LightGBM – LightGBM 是一种使用基于树的学习算法的梯度提升框架。根据设计，它是分布式的，可以提升效率。
条件 KNN - 支持条件查询的可缩放 KNN 模型。
Spark 上的 HTTP – 在集成 Spark 时用于协调分布式微服务，并提供基于 HTTP 协议的易访问性。

本教程将演示几个有关在 SynapseML 中使用 Azure AI 服务的示例，包括

文本分析 - 获取一组句子的情绪。
计算机视觉 - 获取与一组图像相关联的标记（单字说明）。
必应图像搜索 - 在 Web 中搜索与自然语言查询相关的图像。
异常检测器 - 检测时间序列数据中的异常。

如果没有 Azure 订阅，可在开始前创建一个试用帐户。

先决条件

Azure Synapse Analytics 工作区，其中 Azure Data Lake Storage Gen2 存储帐户配置为默认存储。你需要成为所使用的 Data Lake Storage Gen2 文件系统的存储 Blob 数据参与者。
Azure Synapse Analytics 工作区中的 Spark 池。有关详细信息，请参阅在 Azure Synapse 中创建 Spark 池。
在 Azure Synapse 中配置 Azure AI 服务教程中所述的预配置步骤。

开始使用

若要开始，请导入 SynapseML 并配置服务密钥。

import synapse.ml
from synapse.ml.cognitive import *
from notebookutils import mssparkutils

# An Azure AI services multi-service resource key for Text Analytics and Computer Vision (or use separate keys that belong to each service)
ai_service_key = mssparkutils.credentials.getSecretWithLS("ADD_YOUR_KEY_VAULT_LINKED_SERVICE_NAME", "ADD_YOUR_SECRET_NAME") 
# An Anomaly Detector subscription key
anomalydetector_key = mssparkutils.credentials.getSecretWithLS("ADD_YOUR_KEY_VAULT_LINKED_SERVICE_NAME", "ADD_YOUR_SECRET_NAME")

文本分析示例

文本分析服务提供了几种从文本中提取智能见解的算法。例如，我们可以找到给定输入文本的情绪。服务将返回介于 0.0 和 1.0 之间的分数，其中低分数表示负面情绪，高分表示正面情绪。此示例使用三个简单的句子，并返回每个句子的情绪。

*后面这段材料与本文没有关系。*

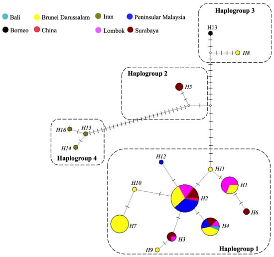 Haplotype analysis revealed a total of 16 different haplotypes (H1-H16) from the 84 samples from this study and 11 other samples obtained from the GenBank database (Table 1). DNA polymorphism analysis showed that Surabaya samples were relatively more diverse, with the highest haplotype diversity and nucleotide diversity, and Peninsular Malaysia samples having the lowest haplotype diversity and nucleotide diversity (Table 2).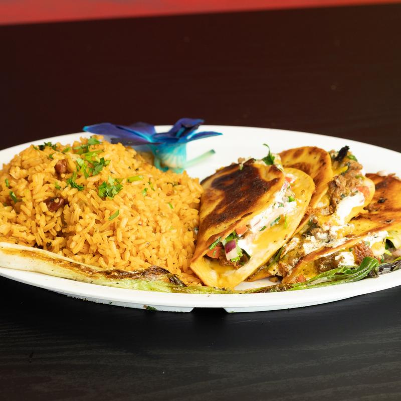 Slow-cooked stewed beef, melty cheese, onion, cilantro, and house crema. Sided with consommé and lime.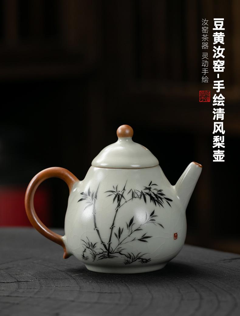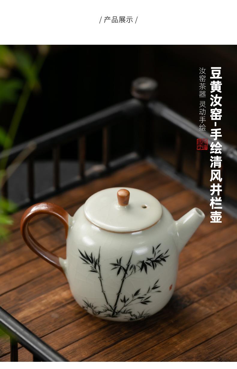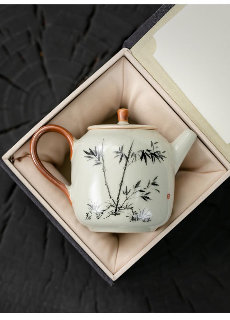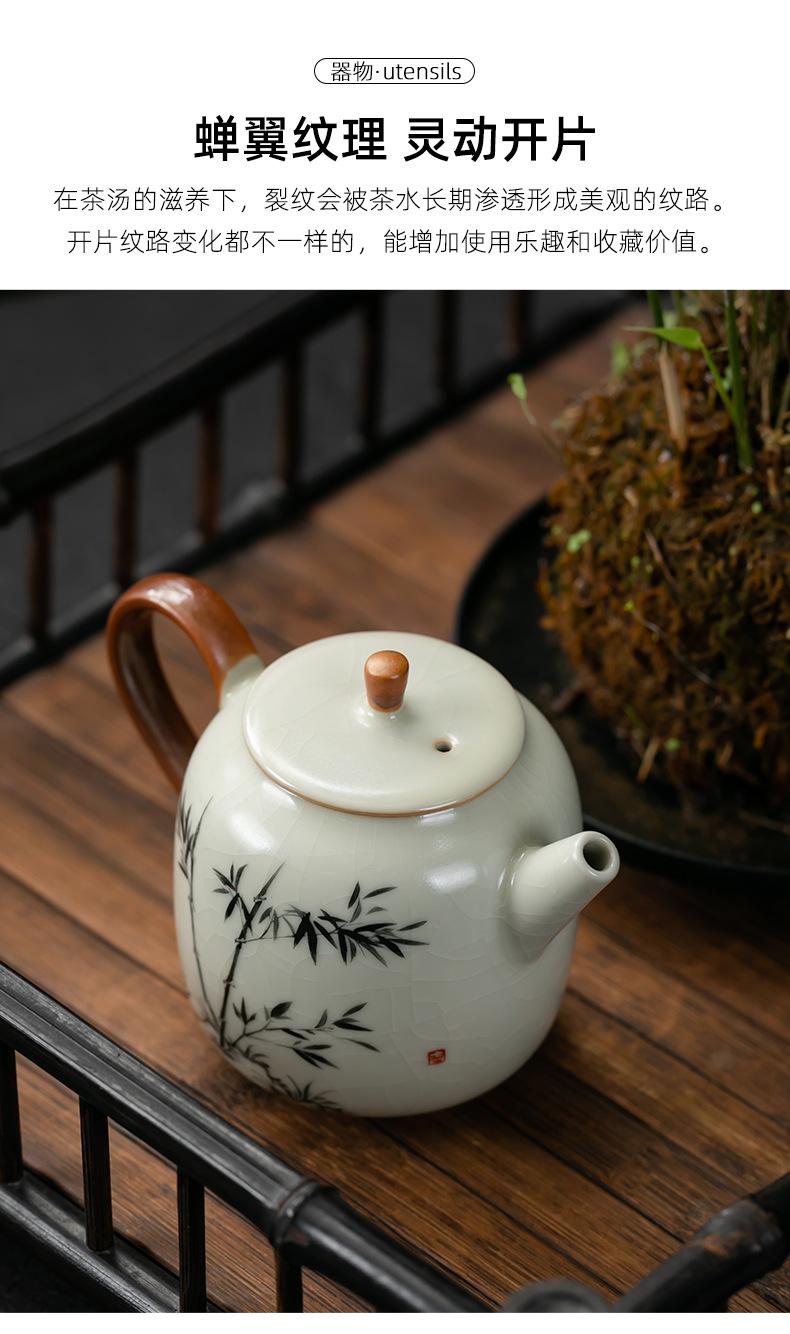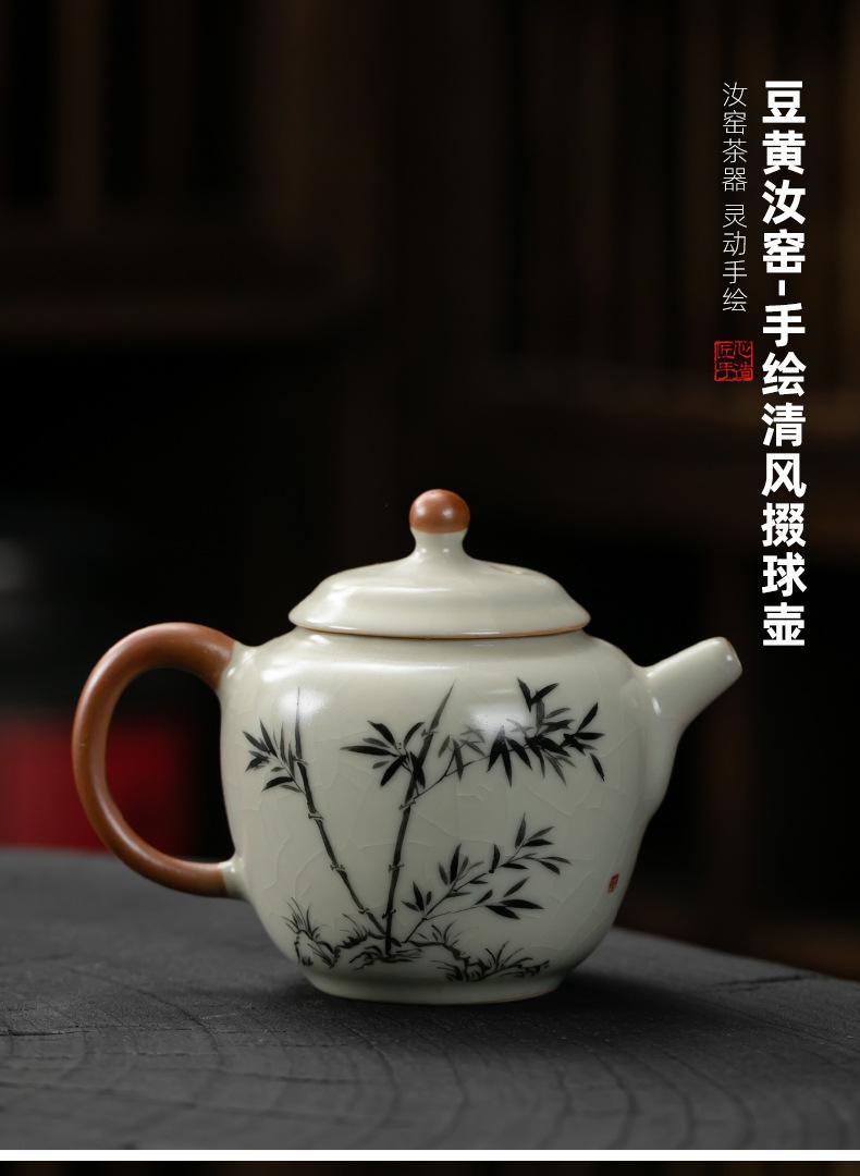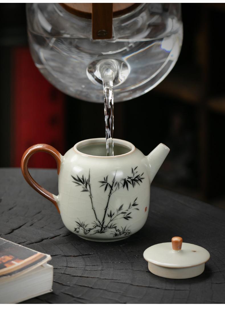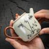 Compra Nueva tetera Xi Shi de cerámica de pieza abierta estilo chino beige Ru kiln pintada a mano con tinta de bambú puede criar tetera individual de kung fu de alta gama al por mayor en Joom.pro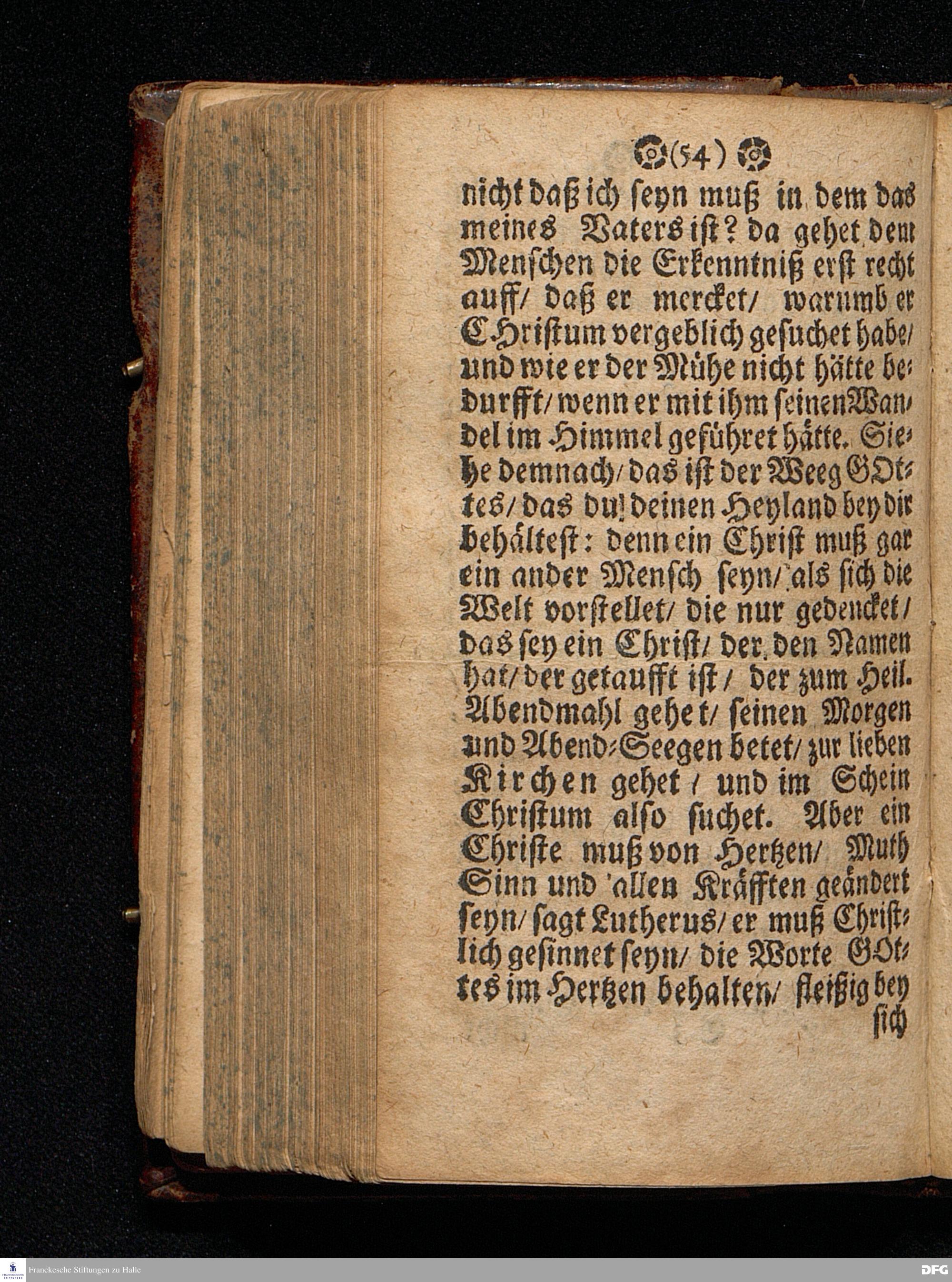 Das Schmertzhaffte Suchen unsers Herrn JEsu / Am I.Sonntag Epiphan. Anno 1697. In einer Predigt Uber das Evangelium Luc.II.V, 41--52 In der St.Georgen=Kirche zu Glaucha an Halle vorgestellet / von M.August Hermann Francken / SS.Theol.P.Ord.& P.Glauch. HALLE / Gedruckt bey Christian Henckeln / Univers.Buchdr.1700.

from pyspark.sql.functions import col

# Create a dataframe that's tied to it's column names
df_sentences = spark.createDataFrame([
  ("I am so happy today, its sunny!", "en-US"), 
  ("this is a dog", "en-US"), 
  ("I am frustrated by this rush hour traffic!", "en-US") 
], ["text", "language"])

# Run the Text Analytics service with options
sentiment = (TextSentiment()
    .setTextCol("text")
    .setUrl("https://<service_region>.api.cognitive.azure.cn/text/analytics/v3.0/sentiment")
    .setSubscriptionKey(ai_service_key)
    .setOutputCol("sentiment")
    .setErrorCol("error")
    .setLanguageCol("language"))

# Show the results of your text query in a table format

display(sentiment.transform(df_sentences).select("text", col("sentiment")[0].getItem("sentiment").alias("sentiment")))

预期结果

text	情绪
I am frustrated by this rush hour traffic!	消极
this is a dog	中立
今天天气晴朗，我真高兴！	积极

计算机视觉示例

计算机视觉会分析图像以识别结构，例如人脸、对象和自然语言说明。在此示例中，我们将标记以下图像。标记是对图像中可识别的对象、人物、风景和动作等事物的单个词说明。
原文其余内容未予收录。